Tutt grinned appreciatively.

"However that may be," he ventured, "a man who enters into a marriage contract—"

"Marriage isn't a contract," interrupted Mr. Tutt.

"What is it?"

"It's a status—something entirely different—like slavery."

"It's like slavery all right!" agreed Tutt. "But we always speak of a contract of marriage, don't we?"

"Quite inaccurately. The only contract in a marriage is what we commonly refer to as the engagement; that is a real contract and is governed by the laws of contracts. The marriage itself is an entirely different thing. When a marriage is performed and consummated the parties have changed their condition; they bear an entirely new relationship to society, which, as represented by the state, acquires an interest in the transaction, and all you can say about it is that whereas they were both single before, they are married now, and that in the eyes of the law their status has been altered to one as distinct and clearly defined as that which exists between father and son, guardian and ward or master and slave."

"Hear! Hear!" remarked Tutt. "But I don't see why it isn't a contract—or very much like one," he persisted.

"It is like one in that its validity, like that of civil contracts generally, is determined by the law governing the place where it was entered into," went on Mr. Tutt oracularly, as if addressing the court of appeals. "But it differs from a contract for the reason that the parties are not free to fix its terms, which are determined for them by the state; that they cannot modify or rescind it by mutual consent; that the nature of the marriage status changes with the state and the laws of the state where the parties happen to be domiciled; and that damages cannot be recovered for a breach of marital duty."

"Do you know I never thought of that before," admitted Tutt. "But it's perfectly true."

"It is to the interest of society to have the relationship orderly and permanent," continued his partner. "That is why the state is so alert with regard to divorce proceedings and vigilant to prevent fraud or collusion. You may say that the state is always a party to every matrimonial action—even if it is not actually interpleaded—and that such proceedings are triangular and minus many of the characteristics of the ordinary civil suit."

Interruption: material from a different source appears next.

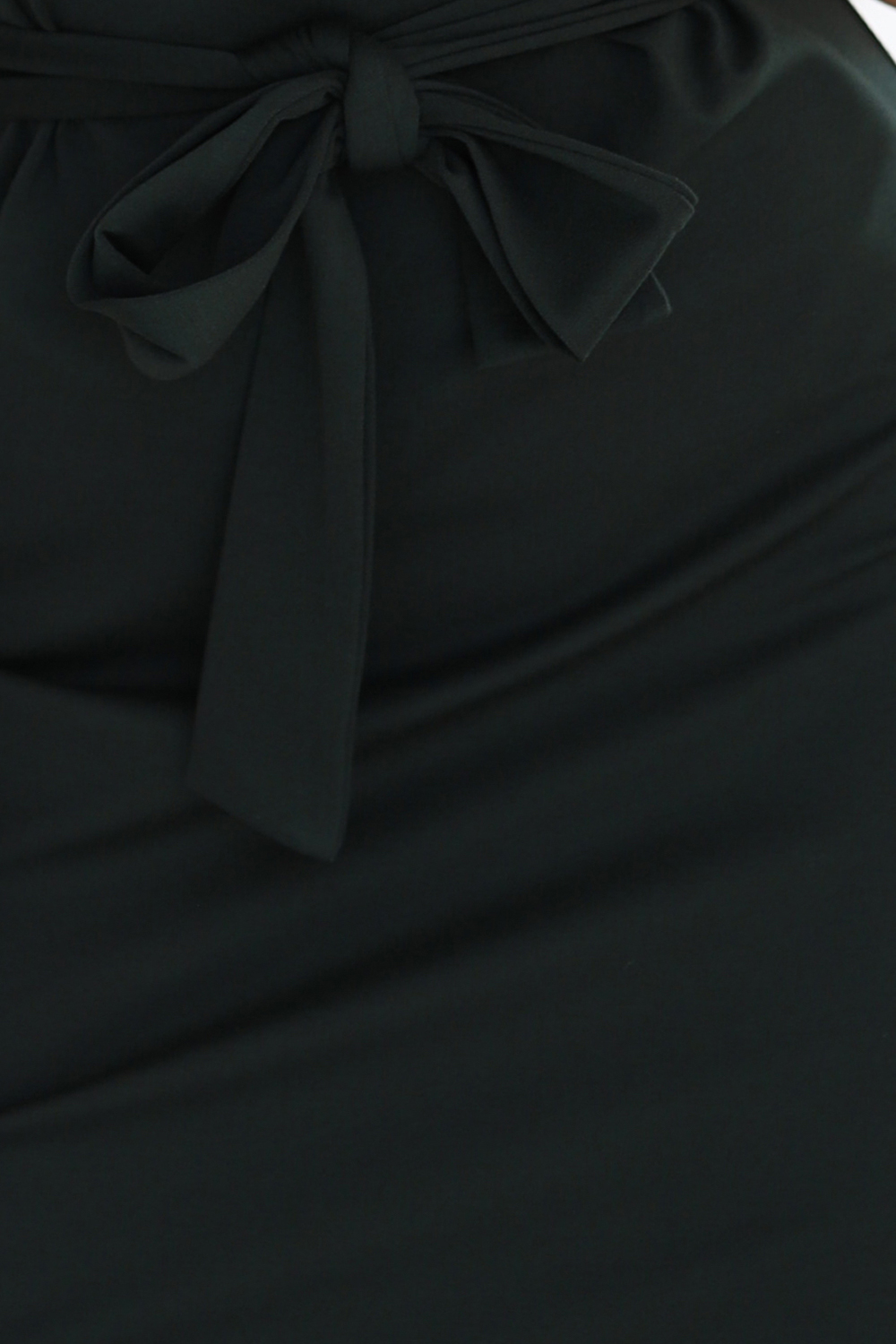 Elegant dress with waist tie – dark khaki | Numoco

"I suppose another reason for that is that originally marriage and divorce were entirely in the hands of the church, weren't they?" ruminated Tutt.

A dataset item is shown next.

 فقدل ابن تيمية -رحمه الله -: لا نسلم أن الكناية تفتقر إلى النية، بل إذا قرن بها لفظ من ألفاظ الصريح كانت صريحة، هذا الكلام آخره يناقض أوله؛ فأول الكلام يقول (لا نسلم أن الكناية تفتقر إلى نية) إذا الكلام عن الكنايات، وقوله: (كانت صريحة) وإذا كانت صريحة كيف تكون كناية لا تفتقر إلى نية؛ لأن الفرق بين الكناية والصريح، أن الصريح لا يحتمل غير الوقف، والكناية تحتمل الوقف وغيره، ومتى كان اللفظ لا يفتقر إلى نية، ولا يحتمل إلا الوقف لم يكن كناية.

"Exactly. From very early days in England the church claimed jurisdiction of all matters pertaining to marriage, on the ground that it was a sacrament."

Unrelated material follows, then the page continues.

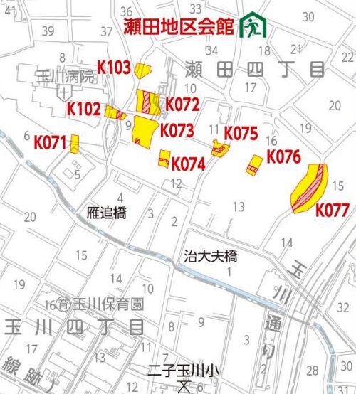 土砂災害時に避難可能な指定避難所は、瀬田4丁目にある「瀬田地区会館」です。二子玉川駅からは1km以上離れていますが、駅の東側にある「上野毛地区会館」(中町2丁目)も避難所に指定されています。また、水害時避難所にも指定されている瀬田2丁目の「瀬田中学校」も土砂災害における予備の避難所になっています。

"Did the ecclesiastical courts take the position that all marriages were made in heaven?"

Mr. Tutt shrugged his shoulders.

"'Once married, always married,' was their doctrine."

"Then how did people who were unhappily married get rid of one another?"

"They didn't—if the courts ruled that they had actually been married—but that left a loophole. When was a marriage not a marriage? Answer: When the parties were closely enough related by blood or marriage, or either of them was mentally incapable, under age, victims of duress, fraud, mistake, previously contracted for, or—already married."

"Ah!" breathed Tutt, thinking of Mr. Higgleby.

"The ecclesiastical law remained without any particular variation until after the American Revolution and the colonies separated from Great Britain, and as there was no union of church and state on this side of the water, and so no church to take control of the subject or ecclesiastical courts to put its doctrines into effect, for a while there was no divorce law at all over here, and then one by one the states took the matter up and began to make such laws about it as each saw fit. Hence the jolly old mess we are in now!"

"Jolly for us," commented Tutt. "It means dollars per year to us. Well," he remarked, stretching his legs and yawning, "divorce is sure an evil."